WHAT NEEDS TO BE DONE ▸
Copy the records below word for word, from the first line through the line that contains "3、40克的面粉,不要一起放入,倒入一部分和紫薯一起揉匀,再加入剩余的。", and leave out any pictures.

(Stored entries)

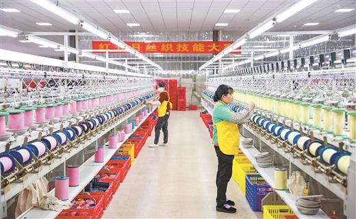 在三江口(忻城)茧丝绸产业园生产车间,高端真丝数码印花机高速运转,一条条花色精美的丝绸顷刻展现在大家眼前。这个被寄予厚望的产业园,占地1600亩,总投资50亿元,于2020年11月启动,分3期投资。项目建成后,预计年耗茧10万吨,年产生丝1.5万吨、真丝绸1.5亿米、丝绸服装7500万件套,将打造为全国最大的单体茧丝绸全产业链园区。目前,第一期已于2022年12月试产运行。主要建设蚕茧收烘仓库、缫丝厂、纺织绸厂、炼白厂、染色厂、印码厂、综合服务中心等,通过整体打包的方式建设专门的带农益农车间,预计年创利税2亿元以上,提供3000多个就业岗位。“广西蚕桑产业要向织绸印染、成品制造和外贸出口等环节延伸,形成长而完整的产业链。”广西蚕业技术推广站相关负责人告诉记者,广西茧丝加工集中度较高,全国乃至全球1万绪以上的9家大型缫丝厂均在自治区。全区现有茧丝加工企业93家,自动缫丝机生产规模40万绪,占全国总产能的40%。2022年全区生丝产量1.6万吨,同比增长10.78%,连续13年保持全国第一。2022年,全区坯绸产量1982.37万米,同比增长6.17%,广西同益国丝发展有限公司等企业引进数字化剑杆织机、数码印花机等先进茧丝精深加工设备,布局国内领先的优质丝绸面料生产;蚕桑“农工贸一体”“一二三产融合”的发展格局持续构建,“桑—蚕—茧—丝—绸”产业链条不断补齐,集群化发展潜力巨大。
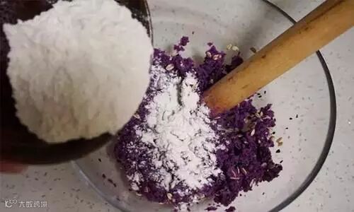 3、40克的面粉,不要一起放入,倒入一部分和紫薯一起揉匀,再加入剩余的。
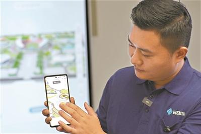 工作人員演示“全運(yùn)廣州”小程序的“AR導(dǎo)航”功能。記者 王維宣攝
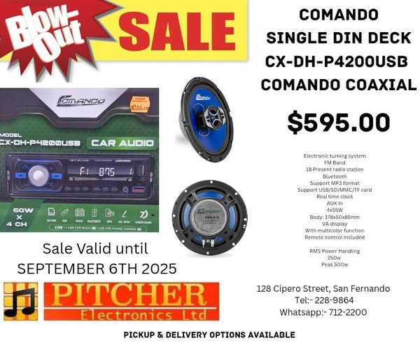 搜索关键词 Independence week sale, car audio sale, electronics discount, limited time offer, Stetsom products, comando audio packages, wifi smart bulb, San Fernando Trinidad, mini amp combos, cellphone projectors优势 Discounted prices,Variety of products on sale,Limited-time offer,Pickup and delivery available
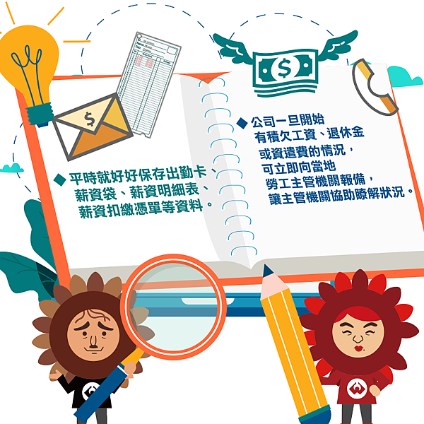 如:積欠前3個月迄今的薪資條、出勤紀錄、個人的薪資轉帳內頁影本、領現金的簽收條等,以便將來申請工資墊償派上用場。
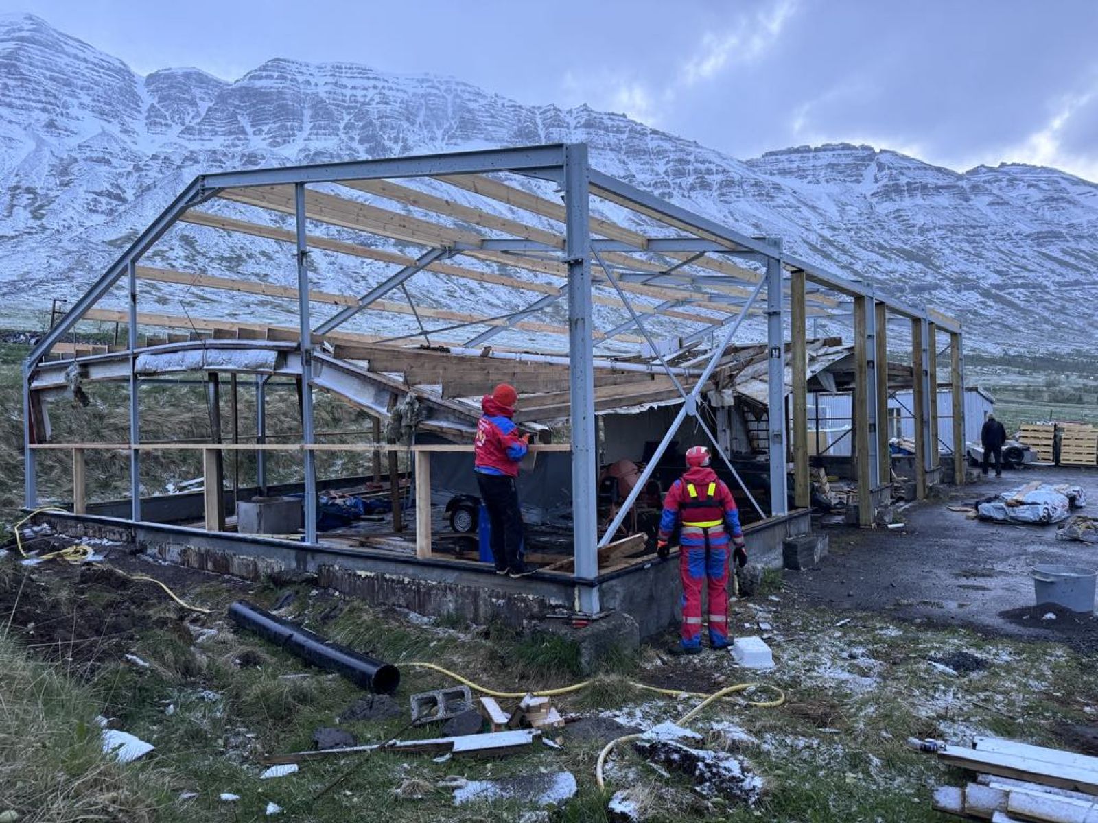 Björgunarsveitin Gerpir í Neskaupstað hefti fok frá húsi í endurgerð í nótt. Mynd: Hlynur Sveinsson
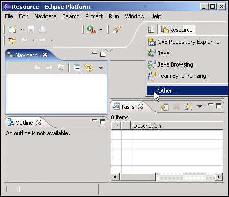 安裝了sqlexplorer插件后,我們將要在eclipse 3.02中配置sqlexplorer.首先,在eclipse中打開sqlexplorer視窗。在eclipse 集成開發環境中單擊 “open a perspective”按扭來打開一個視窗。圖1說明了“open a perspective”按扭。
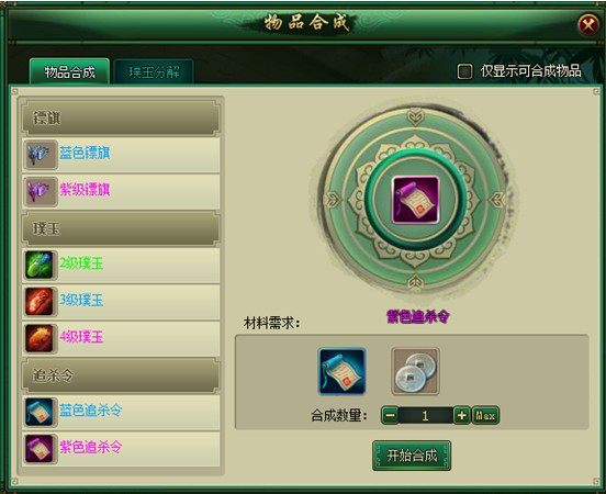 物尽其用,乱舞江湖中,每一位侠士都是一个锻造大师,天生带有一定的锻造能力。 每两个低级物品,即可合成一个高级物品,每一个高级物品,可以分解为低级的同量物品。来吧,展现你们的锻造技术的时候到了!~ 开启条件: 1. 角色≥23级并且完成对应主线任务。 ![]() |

OUTPUT OF THE EXERCISE ▸
 在三江口(忻城)茧丝绸产业园生产车间,高端真丝数码印花机高速运转,一条条花色精美的丝绸顷刻展现在大家眼前。这个被寄予厚望的产业园,占地1600亩,总投资50亿元,于2020年11月启动,分3期投资。项目建成后,预计年耗茧10万吨,年产生丝1.5万吨、真丝绸1.5亿米、丝绸服装7500万件套,将打造为全国最大的单体茧丝绸全产业链园区。目前,第一期已于2022年12月试产运行。主要建设蚕茧收烘仓库、缫丝厂、纺织绸厂、炼白厂、染色厂、印码厂、综合服务中心等,通过整体打包的方式建设专门的带农益农车间,预计年创利税2亿元以上,提供3000多个就业岗位。“广西蚕桑产业要向织绸印染、成品制造和外贸出口等环节延伸,形成长而完整的产业链。”广西蚕业技术推广站相关负责人告诉记者,广西茧丝加工集中度较高,全国乃至全球1万绪以上的9家大型缫丝厂均在自治区。全区现有茧丝加工企业93家,自动缫丝机生产规模40万绪,占全国总产能的40%。2022年全区生丝产量1.6万吨,同比增长10.78%,连续13年保持全国第一。2022年,全区坯绸产量1982.37万米,同比增长6.17%,广西同益国丝发展有限公司等企业引进数字化剑杆织机、数码印花机等先进茧丝精深加工设备,布局国内领先的优质丝绸面料生产;蚕桑“农工贸一体”“一二三产融合”的发展格局持续构建,“桑—蚕—茧—丝—绸”产业链条不断补齐,集群化发展潜力巨大。
 3、40克的面粉,不要一起放入,倒入一部分和紫薯一起揉匀,再加入剩余的。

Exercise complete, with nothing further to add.